There's a lot of potential here, but much of it is unrealized, because the food is just OK, and with a commitment to higher quality it could be really good.
We visited on a recent weeknight and the overall vibe of the place could best be described as tired. The folks behind the counter were friendly enough - and we certainly weren't looking for manufactured perkiness - but not exactly enthusiastic.
Far worse and most definitely inexcusable was the fact that our side dishes (all $1.89) were inexplicably cold. The macaroni and cheese, which we judged as superior in taste to at least one of the locally owned and more higher profile Toledo barbecue restaurant's versions, was cold. The smashed potatoes: cold. The corn chowder, which was tasty and a nice complement to a barbecue meal: cold. The baked beans: cold. Only the hush puppies, which we found to be excellent, were hot.
Yes, we could have taken them back up to be reheated, but frankly it didn't seem to be worth the effort and that's not the point: The food should be hot the first time around.
We ordered a half slab of ribs ($10.99) and they were solid; nothing particularly special but not bad either. As with most barbecue places you're given options for extra sauce, and we slathered on some of the house and the hotter version, both of which were good. We weren't fans of the mustard-based sauce though.
On the other hand, the half chicken ($9.99) was exceptionally good. It was cooked to perfection, neither too dry nor so juicy you questioned whether it was done. This is something we'd order again.
A pulled pork sandwich ($5.99) was satisfactory. It's served sans sauce, then you can doctor your own, which means it's dry but not sloppy.
We decided to order takeout for our second round because City Barbecue is set up to encourage catering and ordering out.
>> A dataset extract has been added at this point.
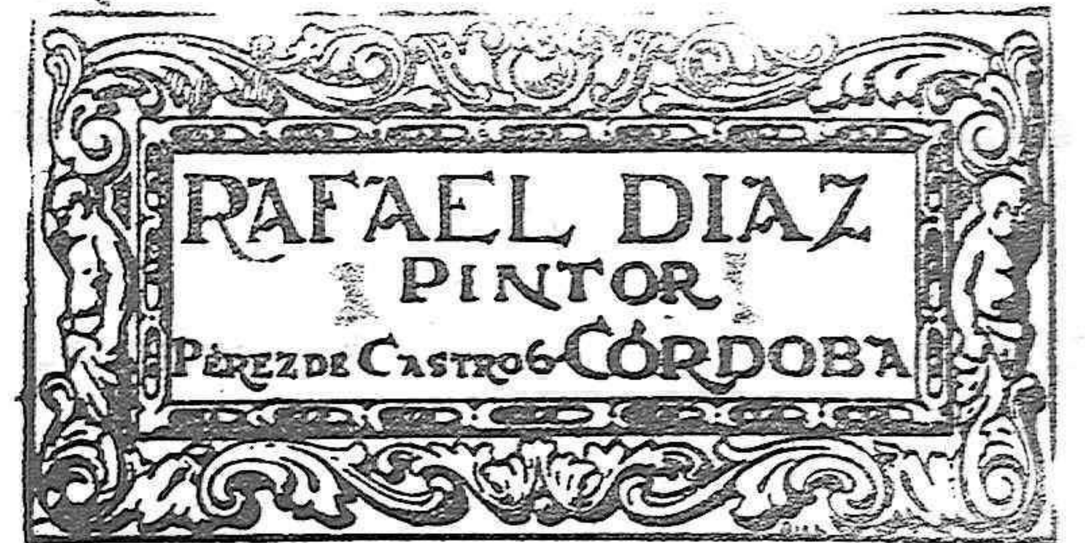
TALLA-DORADOS-RESTAURACIONES - PAPELES PINTADOS - Y - 122

One test was going to be whether the cold side dishes were an aberration the first time around. We arrived early before they prepared the order and had only a five-minute drive to where the food was being eaten.
Once again it was a disappointment. The French fries were cold and limp. The mac and cheese, cold again. Only the green beans with bacon were hot, and they were steaming, which proves that it's possible for City Barbecue to get it right.
We were disappointed in the ribs this time because they were fatty, and a beef brisket sandwich ($5.99) was too dry and chewy, making for a generally unsatisfying meal.
City Barbecue's nondescript interior is open with high ceilings and a few picnic and benches in the dining area. On the one hand it looks like there's an effort being made to have a community-oriented vibe with high school football jerseys hanging on the wall, but most of the walls are covered with the kind of generic beer posters (the restaurant serves alcohol) you'd see in a college guy's apartment.
City Barbecue also has a restaurant in Findlay that we did not visit.